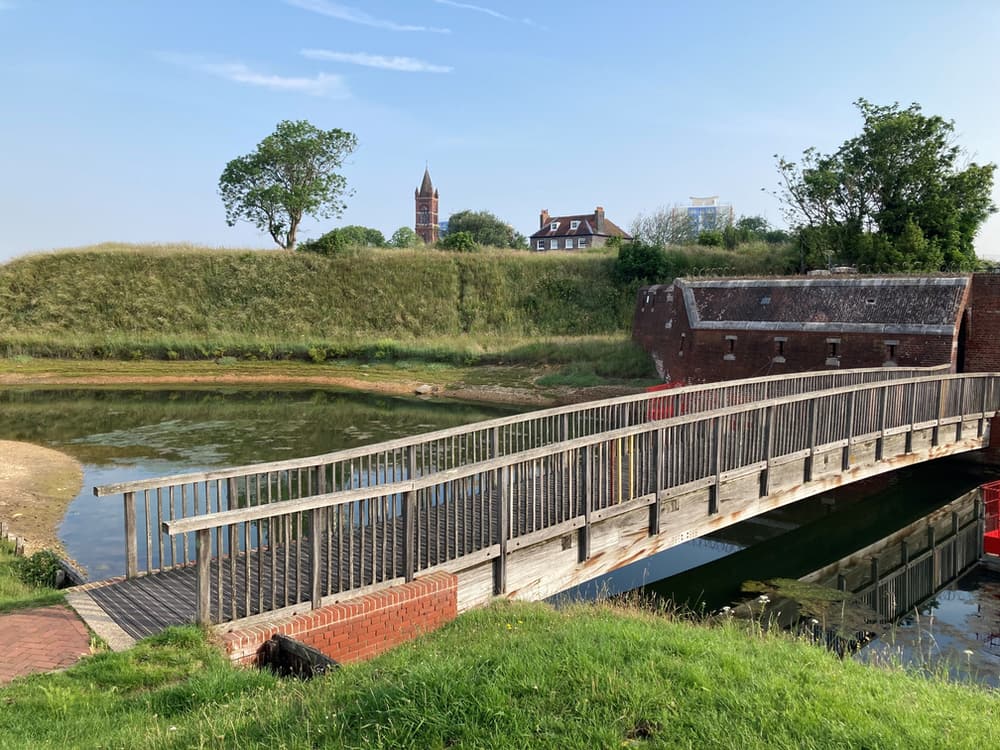 2) Built in 1802/3 as protection to Haslar gate, Trinity Bation contains a capanier with gun slits and also houses sluice gates. Right up until the early 20th Century, Gosport was a fortified town, and this is just one of the remnants of this time. Work is currently ongoing to restore this area so that visitors can at some point walk around this historic feature.
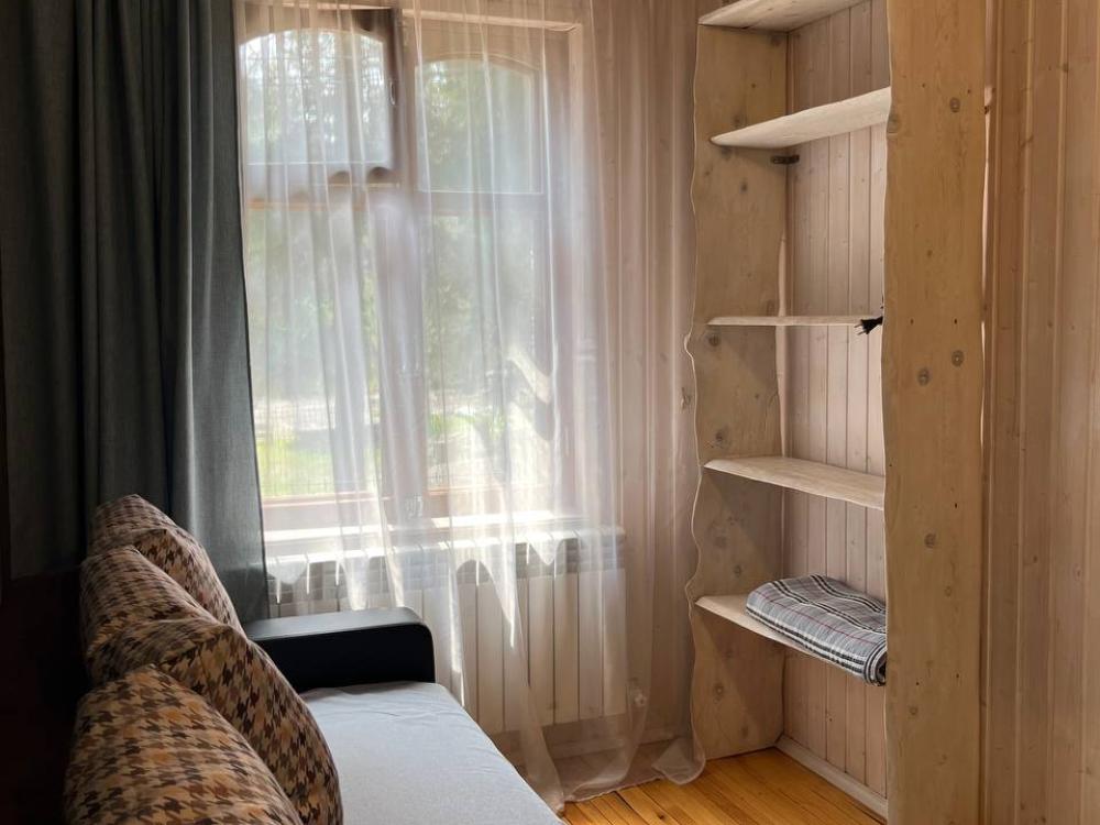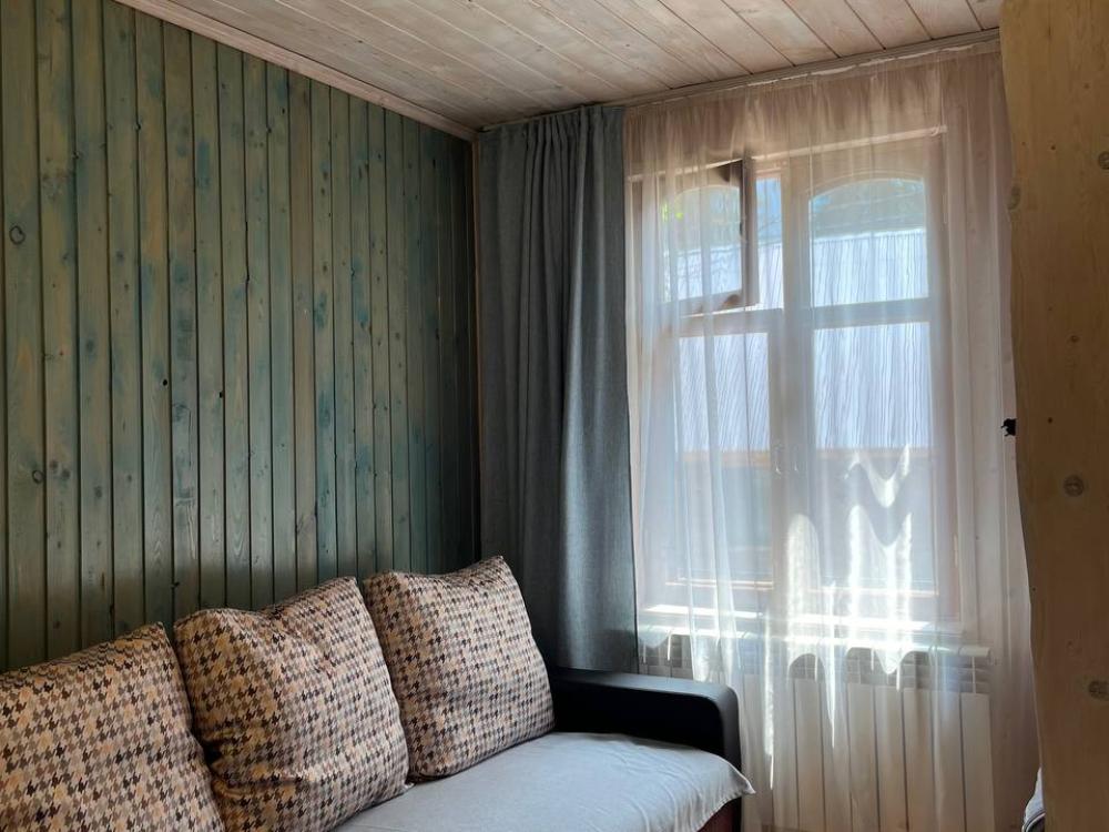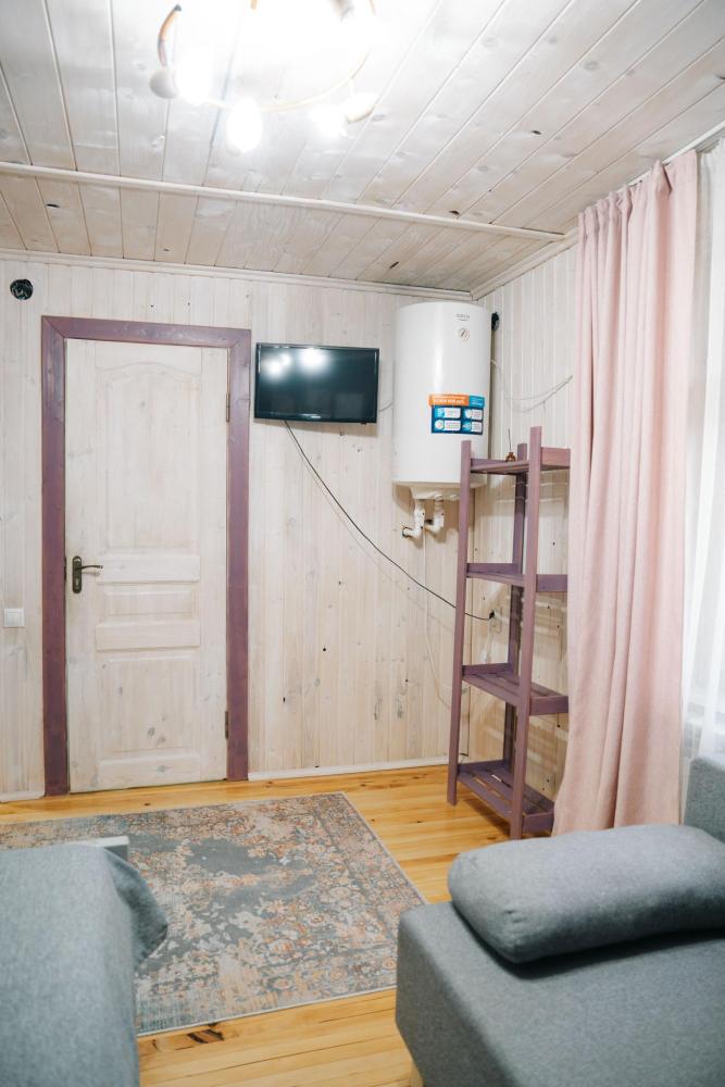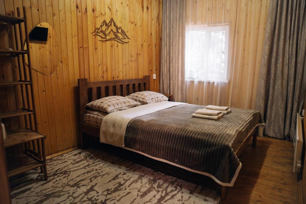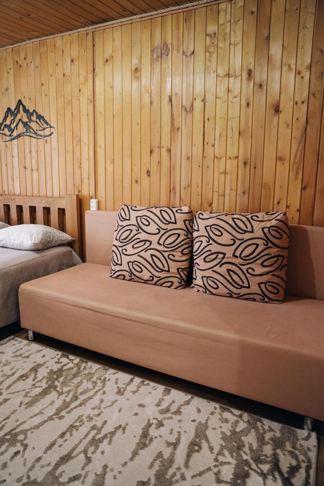 Стандартный номер с удобствами. В номере двуспальная кровать и диван кровать(раскладной). Также есть полки для хранения вещей, журнальный столик. прикроватная тумба. Все кухонные принадлежности находятся в общей кухне расположенной в соседнем здании. Кухня полностью оборудована и открыта круглосуточно. На территории есть беседки с мангальной зоной, парковка, зона костра, качели, гамаки и детская площадка. Вместимость 2-4 человека. Просим обратить внимание: У нас не пьют! В отеле запрещено распитие алкоголя. Не предусмотрено размещение с животными.
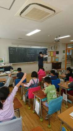 2年生が、授業の最後に「九九ビンゴ」をしていました。
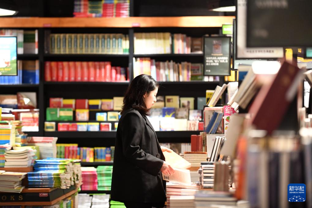 4月21日,顧客在貴州省仁懷市西西弗書店選擇書籍。
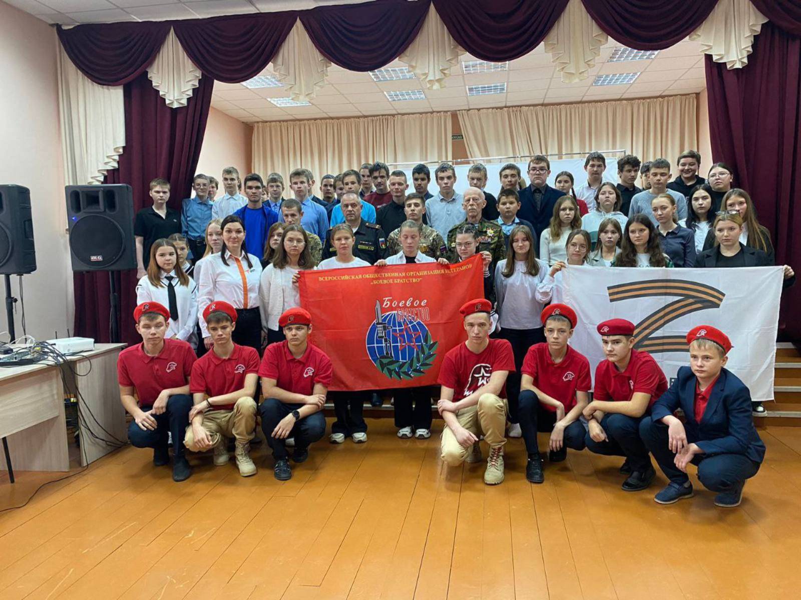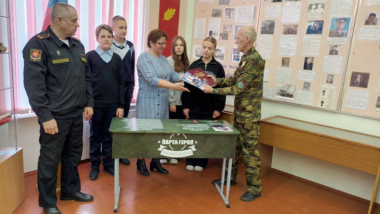 Школьному музею были подарены книги: "Солдаты отчизны" и "О жизненном пути и служебной деятельности кавалера двух орденов Мужества гвардии полковника Кузьминова С. И."- погибшего в ходе проведения СВО. На занятии присутствовали 56 учеников, зам. директора по воспитательной работе, два преподавателя и два участника СВО, прибывшие в отпуск.

^^^^^^^^^^^^^^^^

▶ **PROBLEM REQUIREMENTS**
Make an exact copy of the records above, one that has none of the pictures.

▶ **RESPONSE TO THE EXERCISE**
 2) Built in 1802/3 as protection to Haslar gate, Trinity Bation contains a capanier with gun slits and also houses sluice gates. Right up until the early 20th Century, Gosport was a fortified town, and this is just one of the remnants of this time. Work is currently ongoing to restore this area so that visitors can at some point walk around this historic feature.
 Стандартный номер с удобствами. В номере двуспальная кровать и диван кровать(раскладной). Также есть полки для хранения вещей, журнальный столик. прикроватная тумба. Все кухонные принадлежности находятся в общей кухне расположенной в соседнем здании. Кухня полностью оборудована и открыта круглосуточно. На территории есть беседки с мангальной зоной, парковка, зона костра, качели, гамаки и детская площадка. Вместимость 2-4 человека. Просим обратить внимание: У нас не пьют! В отеле запрещено распитие алкоголя. Не предусмотрено размещение с животными.
 2年生が、授業の最後に「九九ビンゴ」をしていました。
 4月21日,顧客在貴州省仁懷市西西弗書店選擇書籍。
 Школьному музею были подарены книги: "Солдаты отчизны" и "О жизненном пути и служебной деятельности кавалера двух орденов Мужества гвардии полковника Кузьминова С. И."- погибшего в ходе проведения СВО. На занятии присутствовали 56 учеников, зам. директора по воспитательной работе, два преподавателя и два участника СВО, прибывшие в отпуск.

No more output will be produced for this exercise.